▶ Exercise instructions: Word for word, restate the listing; omit the pictures.

+++++

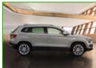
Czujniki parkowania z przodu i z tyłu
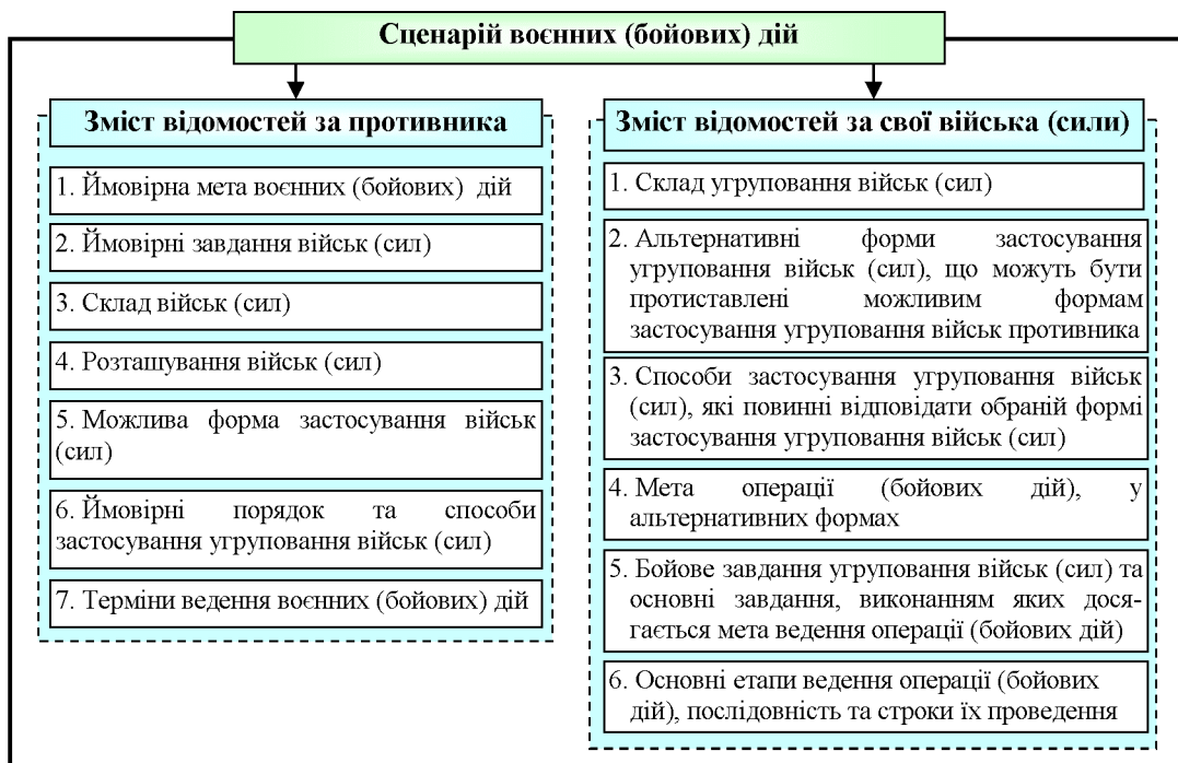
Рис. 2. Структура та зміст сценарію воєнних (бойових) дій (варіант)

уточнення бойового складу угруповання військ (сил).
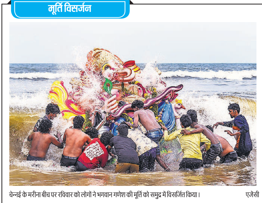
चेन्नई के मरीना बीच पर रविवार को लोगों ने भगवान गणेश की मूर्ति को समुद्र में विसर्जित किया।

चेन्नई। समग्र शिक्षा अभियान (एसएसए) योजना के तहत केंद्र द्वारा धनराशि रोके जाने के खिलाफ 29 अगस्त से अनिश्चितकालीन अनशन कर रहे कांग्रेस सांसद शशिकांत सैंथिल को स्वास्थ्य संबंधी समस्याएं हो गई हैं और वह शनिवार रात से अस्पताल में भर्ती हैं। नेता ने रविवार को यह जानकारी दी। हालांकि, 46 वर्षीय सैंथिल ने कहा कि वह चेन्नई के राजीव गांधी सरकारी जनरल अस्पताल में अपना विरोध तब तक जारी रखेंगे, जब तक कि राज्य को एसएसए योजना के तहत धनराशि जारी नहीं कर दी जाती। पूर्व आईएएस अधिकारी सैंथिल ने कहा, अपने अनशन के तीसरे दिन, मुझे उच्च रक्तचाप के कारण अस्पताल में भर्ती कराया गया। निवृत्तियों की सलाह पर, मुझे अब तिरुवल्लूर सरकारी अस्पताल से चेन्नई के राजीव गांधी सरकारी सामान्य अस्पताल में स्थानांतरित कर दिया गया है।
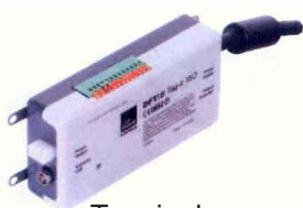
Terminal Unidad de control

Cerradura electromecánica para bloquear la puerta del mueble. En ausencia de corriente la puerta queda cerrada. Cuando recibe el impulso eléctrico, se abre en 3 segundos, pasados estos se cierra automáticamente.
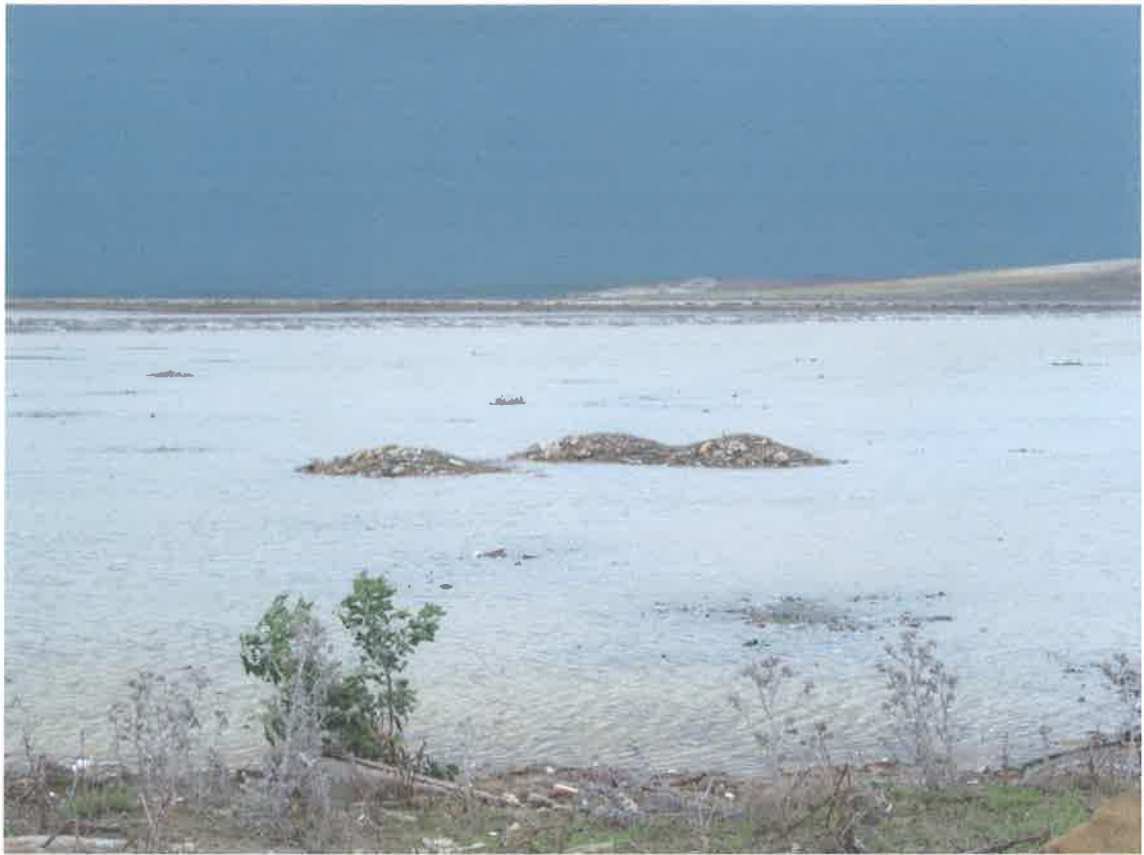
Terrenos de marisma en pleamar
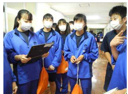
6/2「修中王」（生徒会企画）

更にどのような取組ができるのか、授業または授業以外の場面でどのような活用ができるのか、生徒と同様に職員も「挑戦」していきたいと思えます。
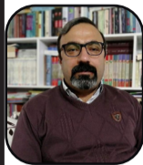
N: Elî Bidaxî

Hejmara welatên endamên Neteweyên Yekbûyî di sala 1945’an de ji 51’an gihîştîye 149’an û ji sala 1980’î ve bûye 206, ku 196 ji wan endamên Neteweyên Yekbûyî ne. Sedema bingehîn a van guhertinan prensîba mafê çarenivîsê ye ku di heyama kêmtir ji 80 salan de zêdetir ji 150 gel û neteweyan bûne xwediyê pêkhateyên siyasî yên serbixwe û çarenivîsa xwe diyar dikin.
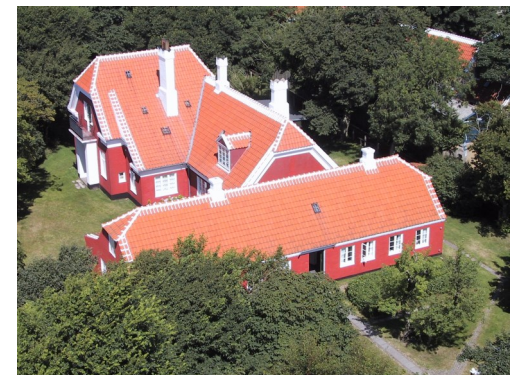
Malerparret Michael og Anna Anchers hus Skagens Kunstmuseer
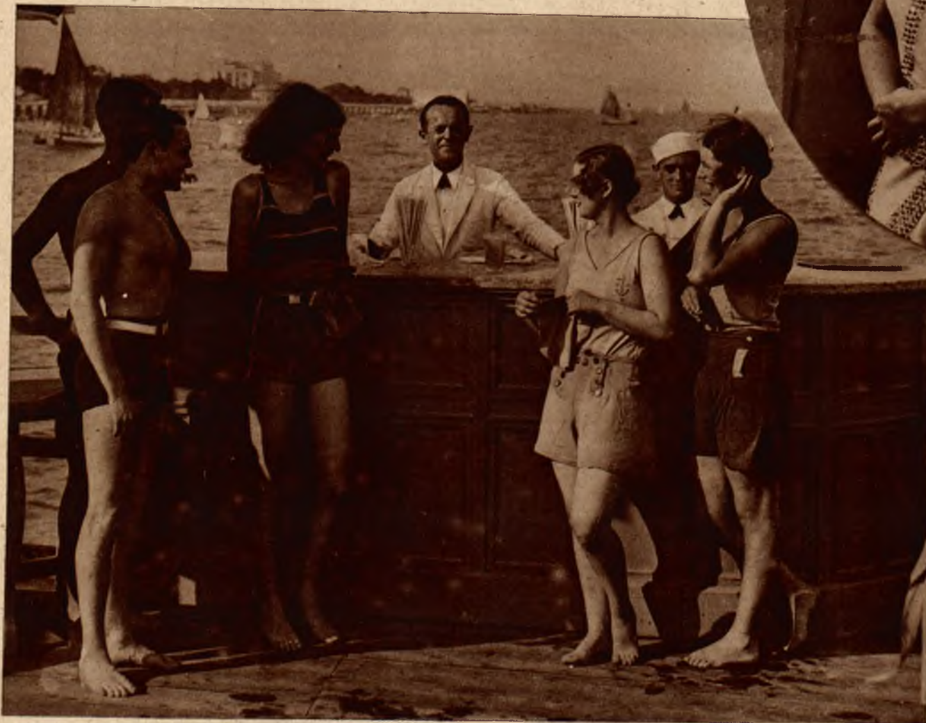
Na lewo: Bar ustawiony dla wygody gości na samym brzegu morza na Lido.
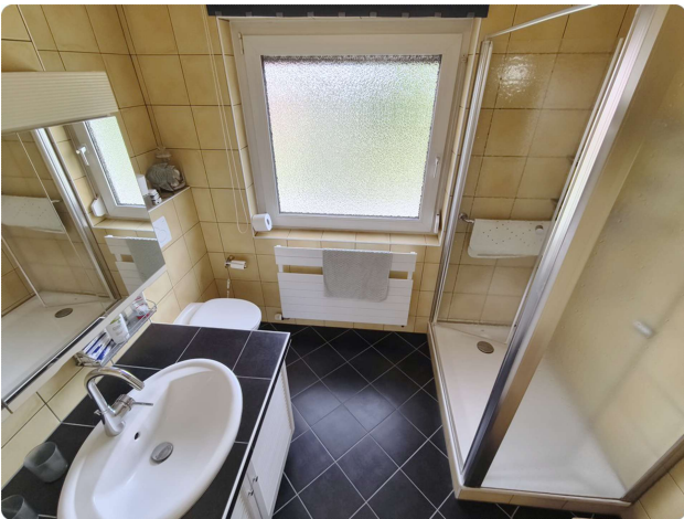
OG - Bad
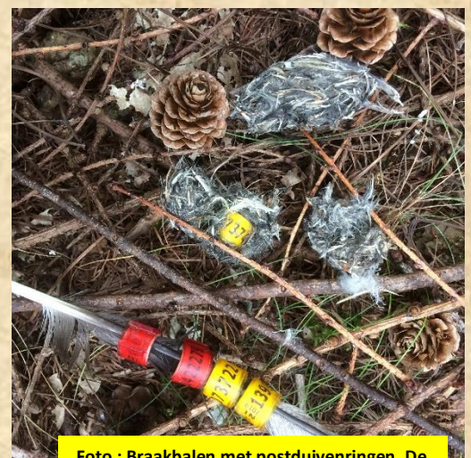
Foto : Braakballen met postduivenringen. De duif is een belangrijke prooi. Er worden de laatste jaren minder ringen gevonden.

+++++

▶ Solution:
Czujniki parkowania z przodu i z tyłu
Рис. 2. Структура та зміст сценарію воєнних (бойових) дій (варіант)

уточнення бойового складу угруповання військ (сил).
चेन्नई के मरीना बीच पर रविवार को लोगों ने भगवान गणेश की मूर्ति को समुद्र में विसर्जित किया।

चेन्नई। समग्र शिक्षा अभियान (एसएसए) योजना के तहत केंद्र द्वारा धनराशि रोके जाने के खिलाफ 29 अगस्त से अनिश्चितकालीन अनशन कर रहे कांग्रेस सांसद शशिकांत सैंथिल को स्वास्थ्य संबंधी समस्याएं हो गई हैं और वह शनिवार रात से अस्पताल में भर्ती हैं। नेता ने रविवार को यह जानकारी दी। हालांकि, 46 वर्षीय सैंथिल ने कहा कि वह चेन्नई के राजीव गांधी सरकारी जनरल अस्पताल में अपना विरोध तब तक जारी रखेंगे, जब तक कि राज्य को एसएसए योजना के तहत धनराशि जारी नहीं कर दी जाती। पूर्व आईएएस अधिकारी सैंथिल ने कहा, अपने अनशन के तीसरे दिन, मुझे उच्च रक्तचाप के कारण अस्पताल में भर्ती कराया गया। निवृत्तियों की सलाह पर, मुझे अब तिरुवल्लूर सरकारी अस्पताल से चेन्नई के राजीव गांधी सरकारी सामान्य अस्पताल में स्थानांतरित कर दिया गया है।
Terminal Unidad de control

Cerradura electromecánica para bloquear la puerta del mueble. En ausencia de corriente la puerta queda cerrada. Cuando recibe el impulso eléctrico, se abre en 3 segundos, pasados estos se cierra automáticamente.
Terrenos de marisma en pleamar
6/2「修中王」（生徒会企画）

更にどのような取組ができるのか、授業または授業以外の場面でどのような活用ができるのか、生徒と同様に職員も「挑戦」していきたいと思えます。
N: Elî Bidaxî

Hejmara welatên endamên Neteweyên Yekbûyî di sala 1945’an de ji 51’an gihîştîye 149’an û ji sala 1980’î ve bûye 206, ku 196 ji wan endamên Neteweyên Yekbûyî ne. Sedema bingehîn a van guhertinan prensîba mafê çarenivîsê ye ku di heyama kêmtir ji 80 salan de zêdetir ji 150 gel û neteweyan bûne xwediyê pêkhateyên siyasî yên serbixwe û çarenivîsa xwe diyar dikin.
Malerparret Michael og Anna Anchers hus Skagens Kunstmuseer
Na lewo: Bar ustawiony dla wygody gości na samym brzegu morza na Lido.
OG - Bad
Foto : Braakballen met postduivenringen. De duif is een belangrijke prooi. Er worden de laatste jaren minder ringen gevonden.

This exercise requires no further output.